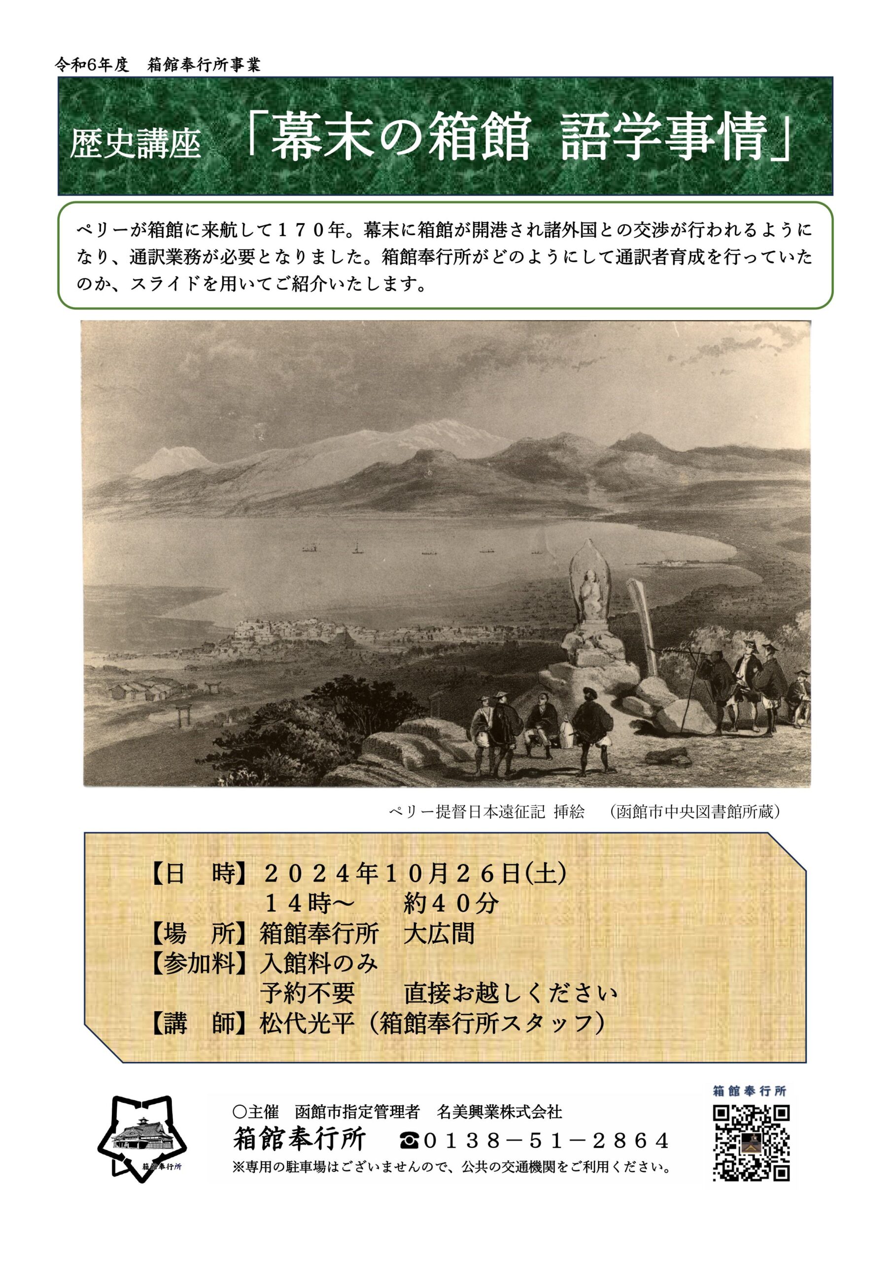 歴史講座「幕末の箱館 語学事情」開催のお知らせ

· · · ·

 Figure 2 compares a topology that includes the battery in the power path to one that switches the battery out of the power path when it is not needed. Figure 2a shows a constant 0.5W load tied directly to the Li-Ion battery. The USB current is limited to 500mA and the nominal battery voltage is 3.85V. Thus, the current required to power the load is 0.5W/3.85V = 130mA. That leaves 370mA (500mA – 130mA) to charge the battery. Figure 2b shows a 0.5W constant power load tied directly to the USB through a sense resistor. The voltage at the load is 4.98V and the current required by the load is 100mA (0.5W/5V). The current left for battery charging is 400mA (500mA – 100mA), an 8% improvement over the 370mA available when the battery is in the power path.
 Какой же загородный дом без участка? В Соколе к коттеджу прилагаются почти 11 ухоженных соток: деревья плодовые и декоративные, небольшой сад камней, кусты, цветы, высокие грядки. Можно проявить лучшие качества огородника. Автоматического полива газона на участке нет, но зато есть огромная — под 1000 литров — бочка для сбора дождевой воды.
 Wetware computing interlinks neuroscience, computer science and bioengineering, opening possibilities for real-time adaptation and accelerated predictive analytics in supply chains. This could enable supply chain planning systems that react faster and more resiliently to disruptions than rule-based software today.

· · · ·

TASK STATEMENT: In the entries above, please find the line with "Какой же загородный" and the line with "Wetware computing interlinks", then write out exactly those two lines and every line between them, and nothing more.

FINISHED EXERCISE:
 Какой же загородный дом без участка? В Соколе к коттеджу прилагаются почти 11 ухоженных соток: деревья плодовые и декоративные, небольшой сад камней, кусты, цветы, высокие грядки. Можно проявить лучшие качества огородника. Автоматического полива газона на участке нет, но зато есть огромная — под 1000 литров — бочка для сбора дождевой воды.
 Wetware computing interlinks neuroscience, computer science and bioengineering, opening possibilities for real-time adaptation and accelerated predictive analytics in supply chains. This could enable supply chain planning systems that react faster and more resiliently to disruptions than rule-based software today.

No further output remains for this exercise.